The Indian authorities could allow IDBI Bank to merge with private banks as they seek to privatise the lender.

The conditions for the sale of IDBI Bank could pave way for its merger with other financial entities, a report by Indian news outlet Business Standard said.

The report comes after Fairfax India Holdings, the investment arm led by Canadian billionaire Prem Watsa, showed interest to purchase the Government of India’s 45.48% stake in the bank.

The remaining 49.24% stake in the bank is held by the Life Insurance Corporation of India (LIC).

The government is yet to provide information on eligibility conditions for the sale of IDBI Bank.

According to the report, banks may be allowed to place bids, which will be subject to a merger plan approved by the country’s central bank.

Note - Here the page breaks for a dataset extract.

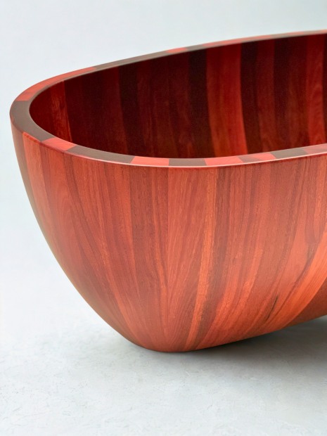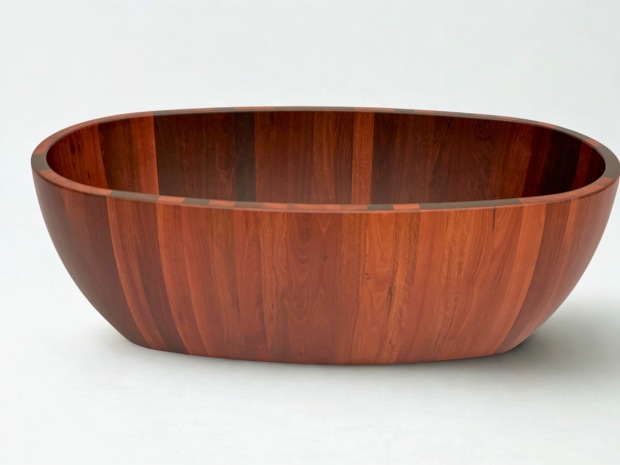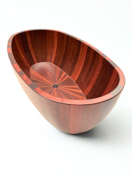 This bathtub is handcrafted from Jarrah timber, valued for its deep red tones and strength. Built with coopered staves in a barrel-inspired form, the oval design highlights precision joinery and a radiating sunburst pattern across the base. The smooth, polished finish enhances the timber’s natural richness, creating a piece that is both functional and sculptural.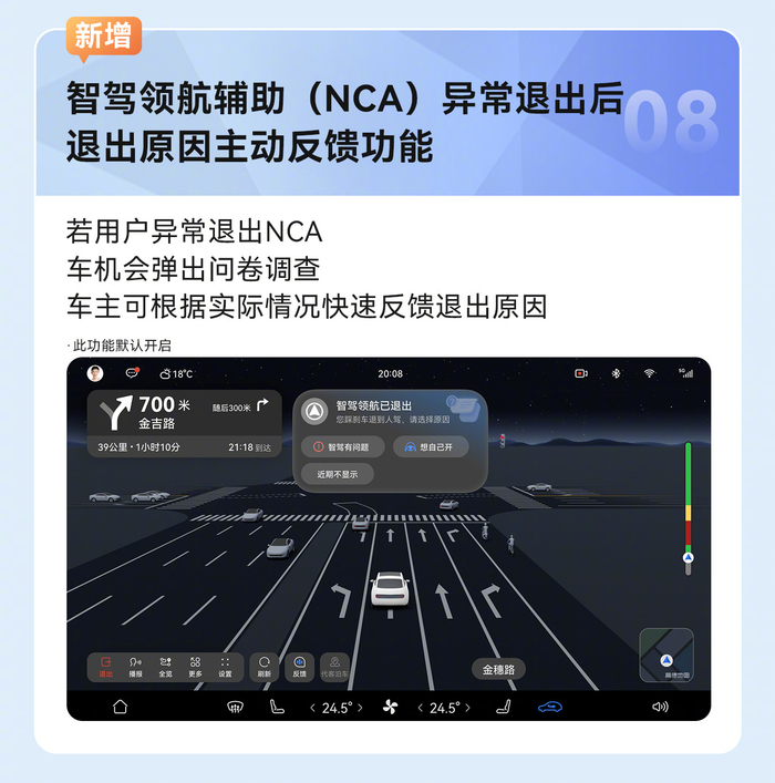 智界汽车新增智驾领航辅助(NCA)异常退出后主动反馈功能:若用户异常退出 NCA,车机会弹出问卷调查,车主可根据实际情况快速反馈退出原因。

IDBI Bank’s merger could be allowed after the Indian government and LIC sell their stake in the lender, the report said.

Notably, the Reserve Bank of India (RBI) does not allow one promoter to own two banks, therefore, bank promotor entities or promoters looking to buy a stake in the lender may have to place their bids after the merger plan has been approved, an official told the publication.

The report highlighted that due to the complexities related to a secondary sale and valuations, a merger with an entity as an initial step or as a means of divestment is an unlikely option.

Such an arrangement would require the government to sell its stake in the merged entity, it added.

Banks and non-banking financial companies are viewed as the most suitable for the sale of IDBI Bank, the publication noted.

“In the case of NBFCs looking to participate in the process and subsequently merge with the lender, there could be a requirement for creating a non-operative financial holding company (NOFHC) according to the extant guidelines of the RBI,” the publication said adding that “for private equity and other investors, bidding through a consortium may be allowed subject to meeting the eligibility criteria.”